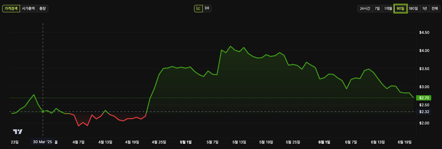 | 토큰 가격 | 2.70달러(2025년 6월 21일 기준) |
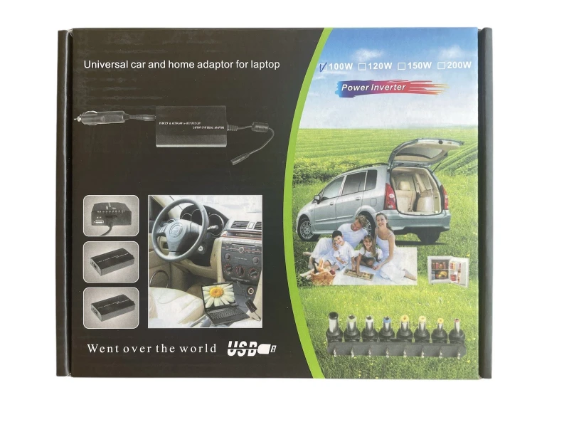 Мултифункционално зарядно 100W с USB порт, 8 сменяеми щепсела и защита срещу претоварване. Работи с 12V DC и 110–240V AC – идеално за дом и кола.
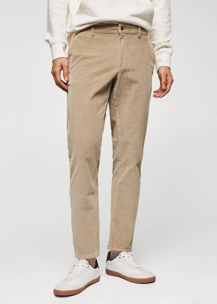 Tapered fit: wide cut at the top that narrows from the knee to the ankle. Cropped design. Cotton-blend fabric. Corduroy fabric. Loops. Zip and one button fastening. Two side pockets. Two patch pockets on the back. The model is 185 cm tall and is wearing a size 40
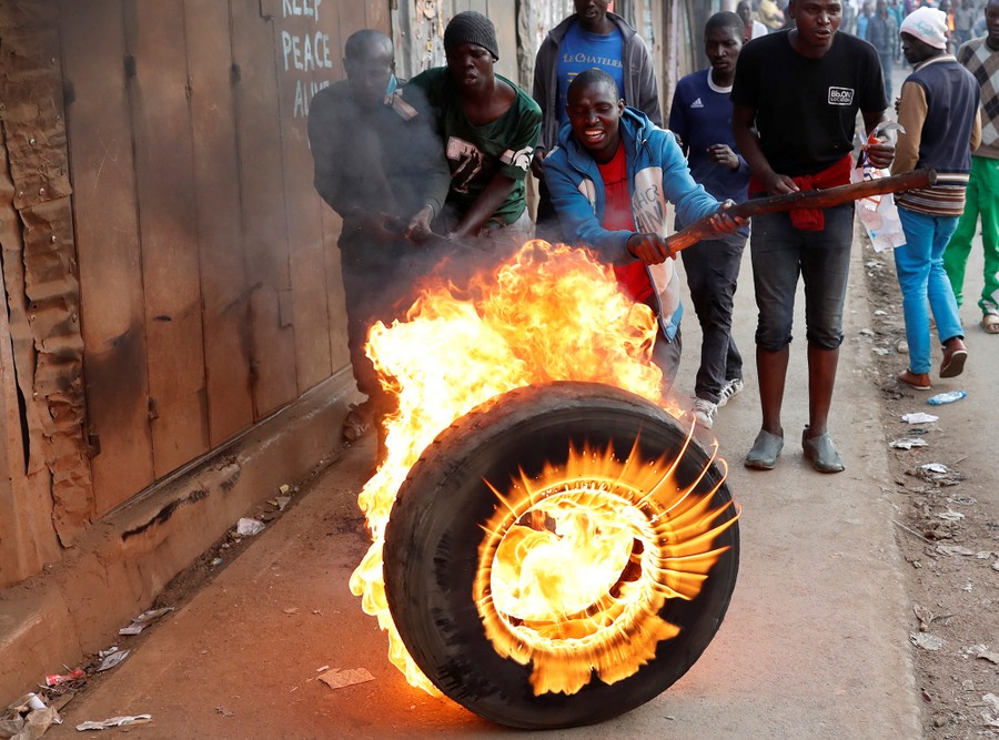Read moreA man seeking safety walks with his hands in the air through a thick cloud of tear gas towards riot police, as they clash with protesters throwing rocks in the Kawangware slum of Nairobi, Kenya, on, August 10, 2017. International observers on Thursday urged Kenyans to be patient as they awaited final election results following opposition allegations of vote-rigging, but clashes between police and protesters again erupted in Nairobi. #
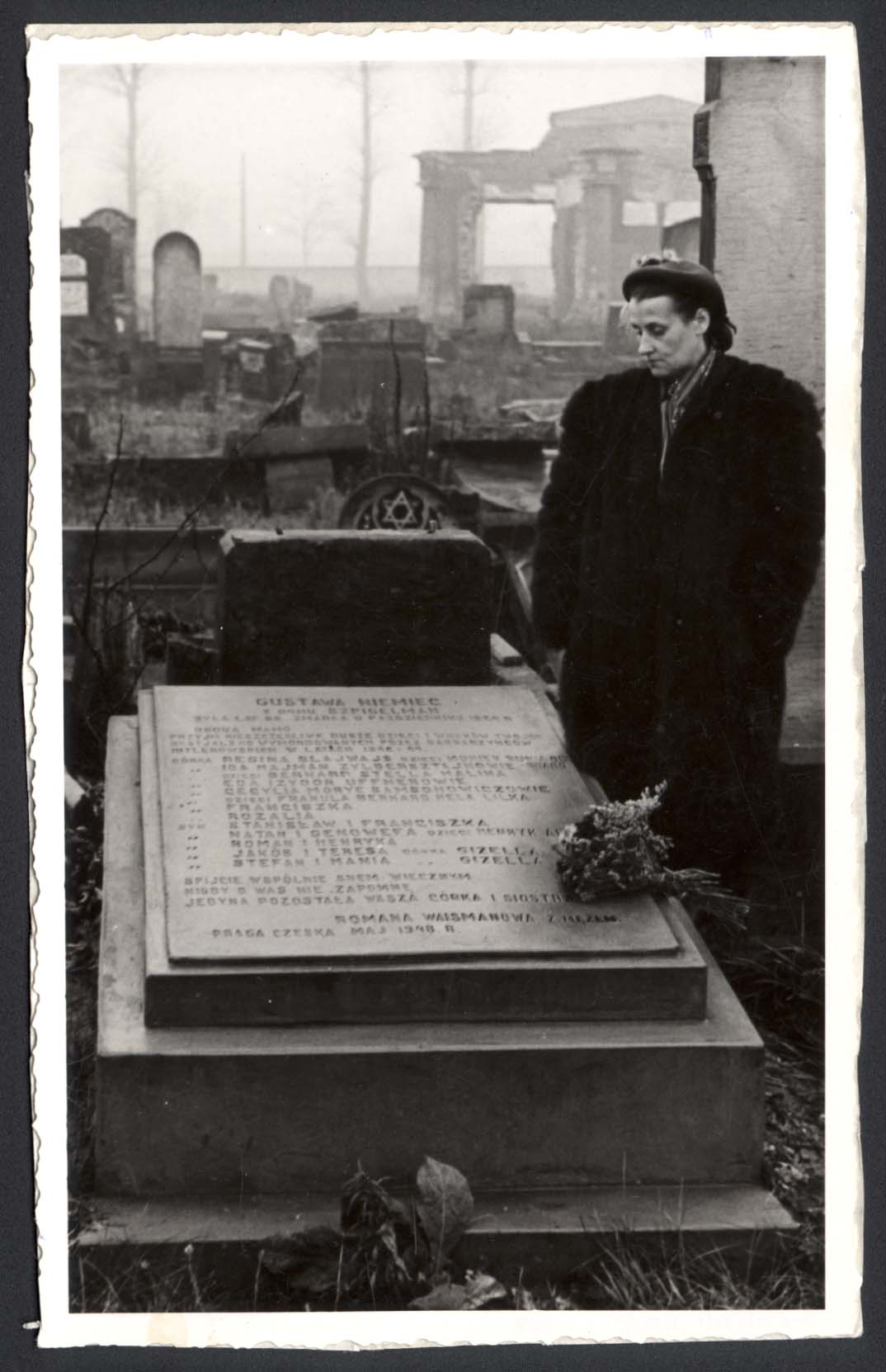 Czestochowa, Poland, Romana Weissman (nee Niemiec) standing beside a monumnet to her 11 siblings who persished in 1942 in the local Jewish cemetery.

# # # #

* Your goal: No pictures, please. Output the listing above exactly as it stands.

* Solution to this task:
 | 토큰 가격 | 2.70달러(2025년 6월 21일 기준) |
 Мултифункционално зарядно 100W с USB порт, 8 сменяеми щепсела и защита срещу претоварване. Работи с 12V DC и 110–240V AC – идеално за дом и кола.
 Tapered fit: wide cut at the top that narrows from the knee to the ankle. Cropped design. Cotton-blend fabric. Corduroy fabric. Loops. Zip and one button fastening. Two side pockets. Two patch pockets on the back. The model is 185 cm tall and is wearing a size 40
Read moreA man seeking safety walks with his hands in the air through a thick cloud of tear gas towards riot police, as they clash with protesters throwing rocks in the Kawangware slum of Nairobi, Kenya, on, August 10, 2017. International observers on Thursday urged Kenyans to be patient as they awaited final election results following opposition allegations of vote-rigging, but clashes between police and protesters again erupted in Nairobi. #
 Czestochowa, Poland, Romana Weissman (nee Niemiec) standing beside a monumnet to her 11 siblings who persished in 1942 in the local Jewish cemetery.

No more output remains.